__Exercise__:
Transcribe exactly, and only, the lines from the one containing "徐州市中医院—山南小镇:徐州" through the end of the entries below, leaving the pictures out.

__Dataset entries__:
☆ ☆ ☆ ☆

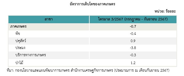 นายฉันทานนท์ วรรณเขจร เลขาธิการสำนักงานเศรษฐกิจการเกษตร (สศก.) กระทรวงเกษตรและสหกรณ์ เปิดเผยว่า ภาวะเศรษฐกิจการเกษตรในไตรมาส 3 ปี 2567 (กรกฎาคม - กันยายน 2567) หดตัวร้อยละ 0.7 เมื่อเทียบกับช่วงเดียวกันของปี 2566 โดยการผลิตสินค้าเกษตรบางส่วนในไตรมาส 3 ได้รับผลกระทบจากเอลนีโญ ส่งผลให้ปริมาณฝนน้อย และอากาศแห้งแล้ง และยังได้รับผลกระทบลานีญาที่เกิดขึ้นในเดือนกันยายน 2567 ทำให้มีมรสุมและฝนตกหนักต่อเนื่องในหลายพื้นที่ เกิดอุทกภัยน้ำป่าไหลหลากในภาคเหนือและภาคตะวันออกเฉียงเหนือ ส่งผลให้สาขาพืชและสาขาบริการทางการเกษตรยังคงหดตัวต่อเนื่องจากไตรมาส 2 เช่นเดียวกับสาขาประมง หดตัวเช่นเดียวกัน ขณะที่สาขาปศุสัตว์และสาขาป่าไม้ ยังขยายตัวได้ สำหรับรายละเอียดในแต่ละสาขา พบว่า
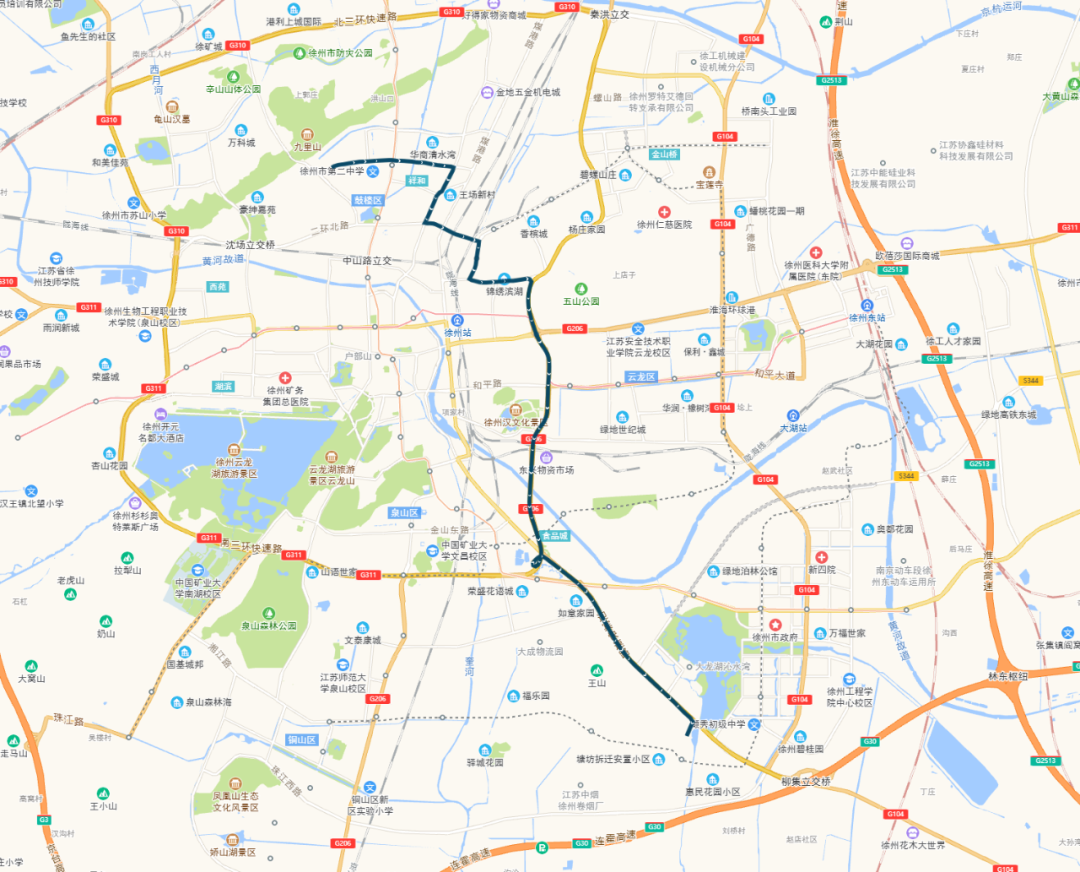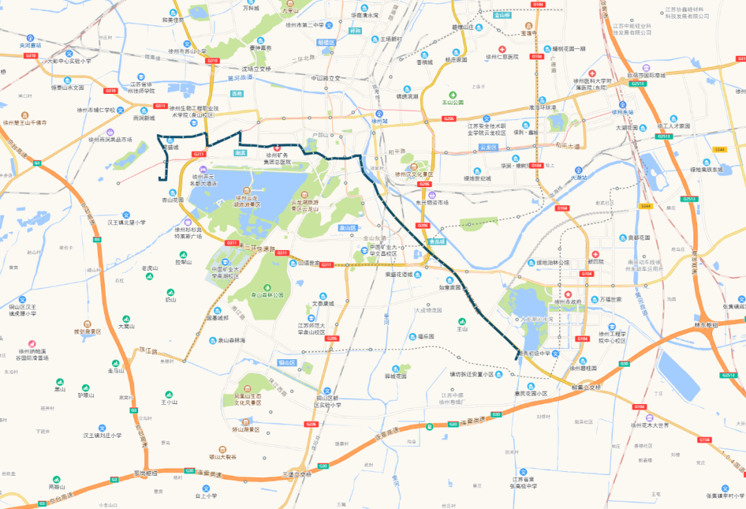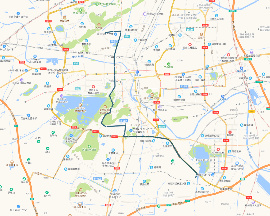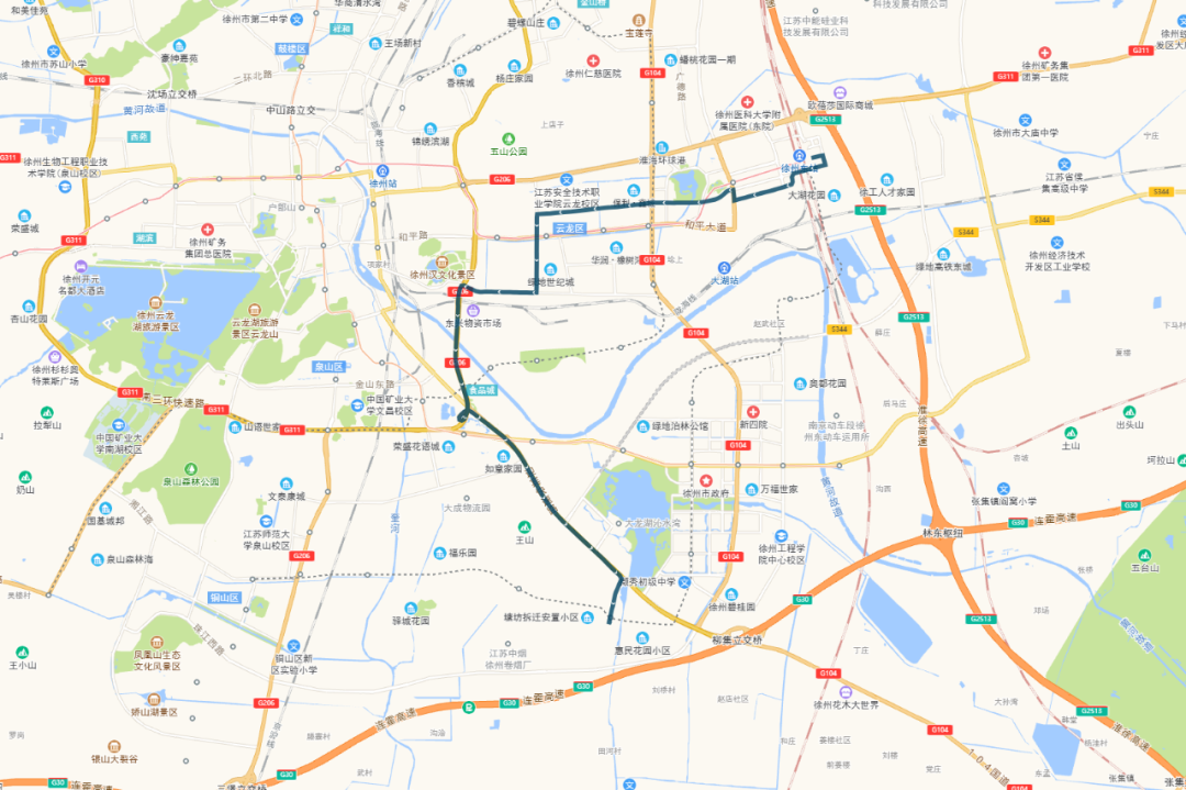 徐州市中医院—山南小镇:徐州市中医院、响山、二七宿舍、白云山、堤北市场、堤北农贸市场、电力医院、奔腾大道东口、祥和四季花园、华厦水云间、奔腾大道路口、鼓楼生态园南、山南小镇。
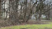 Es liegen noch sehr viele alte Christbäume im Park.
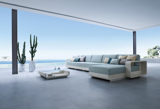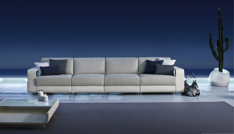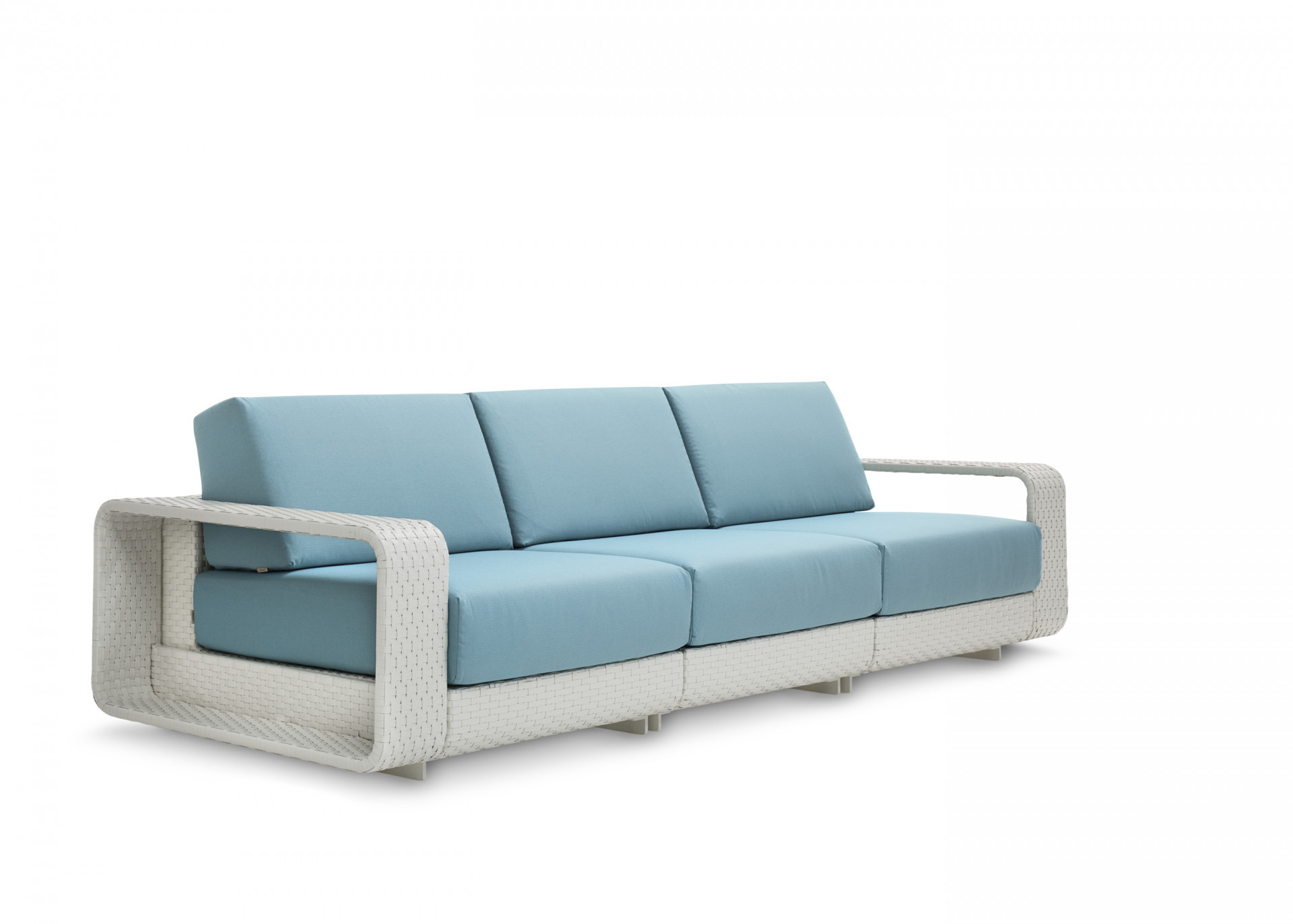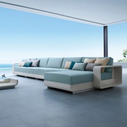 Outdoor Sofa, aluminum frame and Sunweave. This collection is modular and allows to play with the various elements. You may create sofas with several seats, with or without lounge, with or without armrest. Sofas are perfect for furnishing terraces and verandas, in home and contract projects.
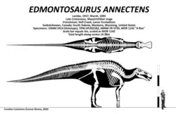 E. annectens is often seen as smaller. Two mounted skeletons, USNM 2414 and YPM 2182, measure 8.00 metres (26.25 ft) long and 8.92 metres (29.3 ft) long, respectively.[49][7] However, these are probably subadult individuals.[17] There is also at least one report of a much larger potential E. annectens specimen that is almost 12 metres (39 ft) long.[50] Two specimens still under study in the collection of the Museum of the Rockies - a 7.5 m (25 ft) tail labelled as MOR 1142 and another labelled as MOR 1609 - indicate that Edmontosaurus annectens could have grown to much larger sizes and reach nearly 15 metres (49 ft) in length,[51][52] and weighed up to 15.87 metric tons (17.49 short tons),[53] but such large individuals were likely very rare.[51]
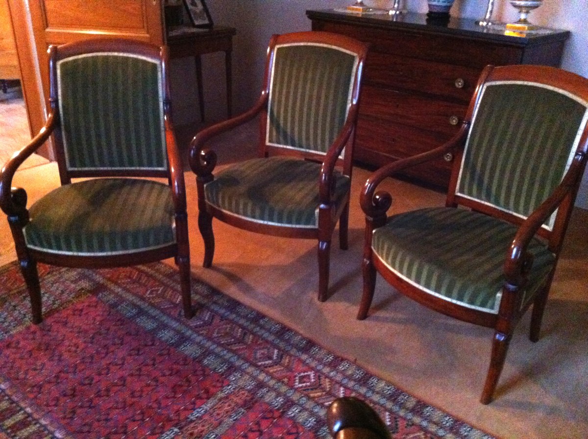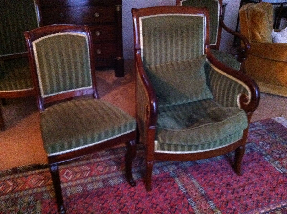 Ensemble de SIÈGES en acajou ou placage d'acajou comprenant : une paire de fauteuils, un fauteuil, une bergère et une chaise. Garniture de velours rayé. Début XIXème.
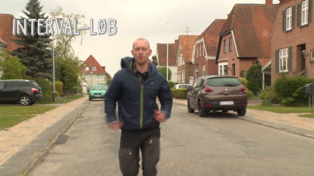 Nu skal du i gang med intervalløb, hvor du skal løbe hurtigt 1 minut og lunte roligt i 3 minutter og dette skal gentages 5 gange i træk.
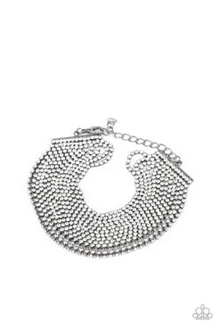 Strung between two gunmetal fittings, sparkly strand after sparkly strand of glittery white rhinestones layer around the wrist, creating a glamorous statement piece. Features an adjustable clasp closure.
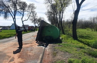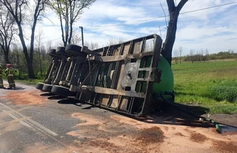 Od ciężarówki przewożącej zbiornik z nieczystościami asenizacyjnymi odpięła się naczepa, co doprowadziło do jej wywrócenia i wylania zawartości. Na drodze krajowej 91 są utrudnienia.

☆ ☆ ☆ ☆

__Solution for this exercise__:
 徐州市中医院—山南小镇:徐州市中医院、响山、二七宿舍、白云山、堤北市场、堤北农贸市场、电力医院、奔腾大道东口、祥和四季花园、华厦水云间、奔腾大道路口、鼓楼生态园南、山南小镇。
 Es liegen noch sehr viele alte Christbäume im Park.
 Outdoor Sofa, aluminum frame and Sunweave. This collection is modular and allows to play with the various elements. You may create sofas with several seats, with or without lounge, with or without armrest. Sofas are perfect for furnishing terraces and verandas, in home and contract projects.
 E. annectens is often seen as smaller. Two mounted skeletons, USNM 2414 and YPM 2182, measure 8.00 metres (26.25 ft) long and 8.92 metres (29.3 ft) long, respectively.[49][7] However, these are probably subadult individuals.[17] There is also at least one report of a much larger potential E. annectens specimen that is almost 12 metres (39 ft) long.[50] Two specimens still under study in the collection of the Museum of the Rockies - a 7.5 m (25 ft) tail labelled as MOR 1142 and another labelled as MOR 1609 - indicate that Edmontosaurus annectens could have grown to much larger sizes and reach nearly 15 metres (49 ft) in length,[51][52] and weighed up to 15.87 metric tons (17.49 short tons),[53] but such large individuals were likely very rare.[51]
 Ensemble de SIÈGES en acajou ou placage d'acajou comprenant : une paire de fauteuils, un fauteuil, une bergère et une chaise. Garniture de velours rayé. Début XIXème.
 Nu skal du i gang med intervalløb, hvor du skal løbe hurtigt 1 minut og lunte roligt i 3 minutter og dette skal gentages 5 gange i træk.
 Strung between two gunmetal fittings, sparkly strand after sparkly strand of glittery white rhinestones layer around the wrist, creating a glamorous statement piece. Features an adjustable clasp closure.
 Od ciężarówki przewożącej zbiornik z nieczystościami asenizacyjnymi odpięła się naczepa, co doprowadziło do jej wywrócenia i wylania zawartości. Na drodze krajowej 91 są utrudnienia.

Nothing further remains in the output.